Distro compatibility
--------------------

Starting with Infernalis, we have dropped support for many older
distributions so that we can move to a newer compiler toolchain (e.g.,
C++11).  Although it is still possible to build Ceph on older
distributions by installing backported development tools, we are not
building and publishing release packages for ceph.com.

We now build packages for the following distributions and architectures:

- x86_64:

  * CentOS 7.x.  We have dropped support for CentOS 6 (and other RHEL 6
    derivatives, like Scientific Linux 6).
  * Debian Jessie 8.x.  Debian Wheezy 7.x's g++ has incomplete support
    for C++11 (and no systemd).
  * Ubuntu Xenial 16.04 and Trusty 14.04.  Ubuntu Precise 12.04 is no
    longer supported.
  * Fedora 22 or later.

- aarch64 / arm64:

  * Ubuntu Xenial 16.04.

Upgrading from Infernalis or Hammer
-----------------------------------

* We now recommend against using ``ext4`` as the underlying file
  system for Ceph OSDs, especially when RGW or other users of long
  RADOS object names are used.  For more information about why, please
  see `Filesystem Recommendations`_.

  If you have an existing cluster that uses ext4 for the OSDs but uses only
  RBD and/or CephFS, then the ext4 limitations will not affect you.  Before
  upgrading, be sure add the following to ``ceph.conf`` to allow the OSDs to
  start::

    osd max object name len = 256
    osd max object namespace len = 64

  Keep in mind that if you set these lower object name limits and
  later decide to use RGW on this cluster, it will have problems
  storing S3/Swift objects with long names.  This startup check can also be
  disabled via the below option, although this is not recommended::

    osd check max object name len on startup = false

.. _Filesystem Recommendations: ../configuration/filesystem-recommendations

* There are no major compatibility changes since Infernalis.  Simply
  upgrading the daemons on each host and restarting all daemons is
  sufficient.

* The rbd CLI no longer accepts the deprecated '--image-features' option
  during create, import, and clone operations.  The '--image-feature'
  option should be used instead.

* The rbd legacy image format (version 1) is deprecated with the Jewel release.
  Attempting to create a new version 1 RBD image will result in a warning.
  Future releases of Ceph will remove support for version 1 RBD images.

* The 'send_pg_creates' and 'map_pg_creates' mon CLI commands are
  obsolete and no longer supported.

* A new configure option 'mon_election_timeout' is added to specifically
  limit max waiting time of monitor election process, which was previously
  restricted by 'mon_lease'.

* CephFS filesystems created using versions older than Firefly (0.80) must
  use the new 'cephfs-data-scan tmap_upgrade' command after upgrading to
  Jewel.  See 'Upgrading' in the CephFS documentation for more information.

* The 'ceph mds setmap' command has been removed.

* The default RBD image features for new images have been updated to
  enable the following: exclusive lock, object map, fast-diff, and
  deep-flatten.
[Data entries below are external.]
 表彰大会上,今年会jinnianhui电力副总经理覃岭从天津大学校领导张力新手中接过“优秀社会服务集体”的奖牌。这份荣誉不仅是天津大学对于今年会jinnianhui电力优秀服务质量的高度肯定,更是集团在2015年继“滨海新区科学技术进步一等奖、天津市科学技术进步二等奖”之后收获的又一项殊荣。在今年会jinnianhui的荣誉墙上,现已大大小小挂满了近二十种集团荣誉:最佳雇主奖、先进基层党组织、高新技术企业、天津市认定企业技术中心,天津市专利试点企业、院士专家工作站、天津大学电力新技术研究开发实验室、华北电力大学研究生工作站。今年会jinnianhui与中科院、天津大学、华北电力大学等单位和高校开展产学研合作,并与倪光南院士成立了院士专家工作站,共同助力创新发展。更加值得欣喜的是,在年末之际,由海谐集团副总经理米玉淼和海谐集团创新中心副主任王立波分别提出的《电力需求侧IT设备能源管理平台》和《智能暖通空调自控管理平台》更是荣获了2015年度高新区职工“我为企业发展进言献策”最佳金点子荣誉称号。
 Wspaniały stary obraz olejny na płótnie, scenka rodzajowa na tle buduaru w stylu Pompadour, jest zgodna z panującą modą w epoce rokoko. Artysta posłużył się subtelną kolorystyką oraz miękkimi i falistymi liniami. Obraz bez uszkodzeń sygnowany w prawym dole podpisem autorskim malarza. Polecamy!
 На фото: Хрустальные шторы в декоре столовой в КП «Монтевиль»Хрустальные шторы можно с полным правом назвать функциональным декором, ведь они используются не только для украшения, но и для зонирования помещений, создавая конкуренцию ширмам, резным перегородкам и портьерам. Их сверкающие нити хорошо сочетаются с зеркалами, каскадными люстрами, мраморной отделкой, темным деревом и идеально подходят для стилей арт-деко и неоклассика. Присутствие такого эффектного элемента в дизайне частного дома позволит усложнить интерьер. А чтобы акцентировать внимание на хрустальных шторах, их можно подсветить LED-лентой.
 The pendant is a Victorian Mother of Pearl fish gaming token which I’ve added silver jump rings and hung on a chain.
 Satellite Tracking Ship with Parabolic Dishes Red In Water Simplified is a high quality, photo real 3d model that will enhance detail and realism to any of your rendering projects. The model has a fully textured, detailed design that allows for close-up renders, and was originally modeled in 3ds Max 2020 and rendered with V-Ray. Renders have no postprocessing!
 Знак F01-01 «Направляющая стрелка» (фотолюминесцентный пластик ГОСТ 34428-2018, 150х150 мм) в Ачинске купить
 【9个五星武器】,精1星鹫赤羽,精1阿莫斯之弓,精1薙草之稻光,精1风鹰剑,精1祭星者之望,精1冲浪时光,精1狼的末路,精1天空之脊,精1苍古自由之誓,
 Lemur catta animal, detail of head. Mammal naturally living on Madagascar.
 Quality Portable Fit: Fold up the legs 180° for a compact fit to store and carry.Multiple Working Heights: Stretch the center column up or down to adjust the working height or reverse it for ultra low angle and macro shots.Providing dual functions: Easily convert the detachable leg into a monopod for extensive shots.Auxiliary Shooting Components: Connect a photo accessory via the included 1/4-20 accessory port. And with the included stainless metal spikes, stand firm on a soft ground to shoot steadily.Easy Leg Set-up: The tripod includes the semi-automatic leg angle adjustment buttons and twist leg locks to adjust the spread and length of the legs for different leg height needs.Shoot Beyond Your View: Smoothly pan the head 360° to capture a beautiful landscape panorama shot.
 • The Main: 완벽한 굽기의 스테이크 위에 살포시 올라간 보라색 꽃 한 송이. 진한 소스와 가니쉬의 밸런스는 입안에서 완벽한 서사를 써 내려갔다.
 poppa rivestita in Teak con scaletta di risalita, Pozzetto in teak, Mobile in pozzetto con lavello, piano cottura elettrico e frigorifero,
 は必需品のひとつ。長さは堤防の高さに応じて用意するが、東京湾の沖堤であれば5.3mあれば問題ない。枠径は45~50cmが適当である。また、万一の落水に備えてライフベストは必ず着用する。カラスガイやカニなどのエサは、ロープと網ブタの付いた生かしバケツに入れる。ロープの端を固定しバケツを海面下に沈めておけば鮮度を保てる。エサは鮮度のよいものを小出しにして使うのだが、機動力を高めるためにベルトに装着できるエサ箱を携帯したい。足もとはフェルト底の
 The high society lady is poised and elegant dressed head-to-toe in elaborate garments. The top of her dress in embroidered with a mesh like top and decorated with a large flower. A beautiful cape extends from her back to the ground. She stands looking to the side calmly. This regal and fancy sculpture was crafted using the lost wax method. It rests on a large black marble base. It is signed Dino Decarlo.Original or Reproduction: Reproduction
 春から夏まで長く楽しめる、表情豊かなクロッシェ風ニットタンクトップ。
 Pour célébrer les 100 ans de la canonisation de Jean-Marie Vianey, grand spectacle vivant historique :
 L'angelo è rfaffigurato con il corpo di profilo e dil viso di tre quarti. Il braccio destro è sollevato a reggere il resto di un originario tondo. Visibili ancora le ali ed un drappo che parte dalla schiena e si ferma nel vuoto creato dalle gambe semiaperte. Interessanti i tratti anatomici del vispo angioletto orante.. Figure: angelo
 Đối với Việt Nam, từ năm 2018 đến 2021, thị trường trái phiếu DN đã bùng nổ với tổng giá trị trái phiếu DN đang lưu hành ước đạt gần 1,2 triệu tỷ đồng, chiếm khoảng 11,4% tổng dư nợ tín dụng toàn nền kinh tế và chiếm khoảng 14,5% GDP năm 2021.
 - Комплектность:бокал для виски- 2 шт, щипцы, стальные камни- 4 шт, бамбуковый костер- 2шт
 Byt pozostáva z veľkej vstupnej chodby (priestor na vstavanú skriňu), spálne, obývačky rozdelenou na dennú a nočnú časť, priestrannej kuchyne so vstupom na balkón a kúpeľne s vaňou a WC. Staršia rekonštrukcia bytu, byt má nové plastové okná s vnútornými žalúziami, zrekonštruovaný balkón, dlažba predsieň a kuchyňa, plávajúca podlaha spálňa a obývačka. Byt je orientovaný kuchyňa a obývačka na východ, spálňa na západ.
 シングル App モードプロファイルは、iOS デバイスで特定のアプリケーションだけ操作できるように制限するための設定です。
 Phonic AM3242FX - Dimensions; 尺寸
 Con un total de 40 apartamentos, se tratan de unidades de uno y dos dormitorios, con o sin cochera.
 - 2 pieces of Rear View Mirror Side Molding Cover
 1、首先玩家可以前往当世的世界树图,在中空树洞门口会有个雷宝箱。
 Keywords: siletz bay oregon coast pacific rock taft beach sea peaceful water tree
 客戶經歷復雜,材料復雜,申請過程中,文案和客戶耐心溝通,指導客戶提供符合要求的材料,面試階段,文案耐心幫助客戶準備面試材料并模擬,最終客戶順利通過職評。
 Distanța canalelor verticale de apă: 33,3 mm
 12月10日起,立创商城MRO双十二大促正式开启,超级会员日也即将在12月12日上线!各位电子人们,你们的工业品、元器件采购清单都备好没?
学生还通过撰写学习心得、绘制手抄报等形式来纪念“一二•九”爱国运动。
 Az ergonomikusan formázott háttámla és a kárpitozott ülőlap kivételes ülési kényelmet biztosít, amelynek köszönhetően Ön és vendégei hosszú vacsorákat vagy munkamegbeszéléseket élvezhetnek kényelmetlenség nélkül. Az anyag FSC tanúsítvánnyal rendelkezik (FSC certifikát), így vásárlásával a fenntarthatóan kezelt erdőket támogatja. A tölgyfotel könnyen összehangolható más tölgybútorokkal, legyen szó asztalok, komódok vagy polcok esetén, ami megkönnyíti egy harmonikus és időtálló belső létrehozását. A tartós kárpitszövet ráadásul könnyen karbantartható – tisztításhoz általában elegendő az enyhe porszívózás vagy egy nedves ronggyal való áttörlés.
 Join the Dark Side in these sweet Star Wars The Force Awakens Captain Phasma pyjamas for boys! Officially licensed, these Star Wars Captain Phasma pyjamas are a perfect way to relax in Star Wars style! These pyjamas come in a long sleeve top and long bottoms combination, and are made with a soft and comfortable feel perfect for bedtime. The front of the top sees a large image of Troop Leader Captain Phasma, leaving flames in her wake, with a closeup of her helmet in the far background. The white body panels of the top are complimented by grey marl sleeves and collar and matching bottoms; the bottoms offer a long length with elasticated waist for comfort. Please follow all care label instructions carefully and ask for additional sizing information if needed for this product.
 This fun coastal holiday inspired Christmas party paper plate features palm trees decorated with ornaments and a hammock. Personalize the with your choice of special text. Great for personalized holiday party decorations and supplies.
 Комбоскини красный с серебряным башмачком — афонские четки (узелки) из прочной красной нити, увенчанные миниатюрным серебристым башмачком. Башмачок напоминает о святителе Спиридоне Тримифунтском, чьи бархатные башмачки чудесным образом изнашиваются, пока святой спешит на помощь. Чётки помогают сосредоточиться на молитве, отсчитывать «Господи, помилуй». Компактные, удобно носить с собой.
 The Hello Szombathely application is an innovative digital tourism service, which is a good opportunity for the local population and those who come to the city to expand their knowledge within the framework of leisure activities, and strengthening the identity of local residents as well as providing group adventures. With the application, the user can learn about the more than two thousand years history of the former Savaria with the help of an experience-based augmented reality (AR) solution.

These features are not currently supported by the RBD
  kernel driver nor older RBD clients. They can be disabled on a per-image
  basis via the RBD CLI, or the default features can be updated to the
  pre-Jewel setting by adding the following to the client section of the Ceph
  configuration file::

    rbd default features = 1

* The rbd legacy image format (version 1) is deprecated with the Jewel
  release.

* After upgrading, users should set the 'sortbitwise' flag to enable the new
  internal object sort order::

    ceph osd set sortbitwise

  This flag is important for the new object enumeration API and for
  new backends like BlueStore.

* The rbd CLI no longer permits creating images and snapshots with potentially
  ambiguous names (e.g. the '/' and '@' characters are disallowed). The
  validation can be temporarily disabled by adding "--rbd-validate-names=false"
  to the rbd CLI when creating an image or snapshot. It can also be disabled
  by adding the following to the client section of the Ceph configuration file::

    rbd validate names = false

Upgrading from Hammer
---------------------

* All cluster nodes must first upgrade to Hammer v0.94.4 or a later
  v0.94.z release; only then is it possible to upgrade to Jewel
  10.2.z.

* For all distributions that support systemd (CentOS 7, Fedora, Debian
  Jessie 8.x, OpenSUSE), ceph daemons are now managed using native systemd
  files instead of the legacy sysvinit scripts.  For example,::

    systemctl start ceph.target       # start all daemons
    systemctl status ceph-osd@12      # check status of osd.12

  The main notable distro that is *not* yet using systemd is Ubuntu trusty
  14.04.  (The next Ubuntu LTS, 16.04, will use systemd instead of upstart.)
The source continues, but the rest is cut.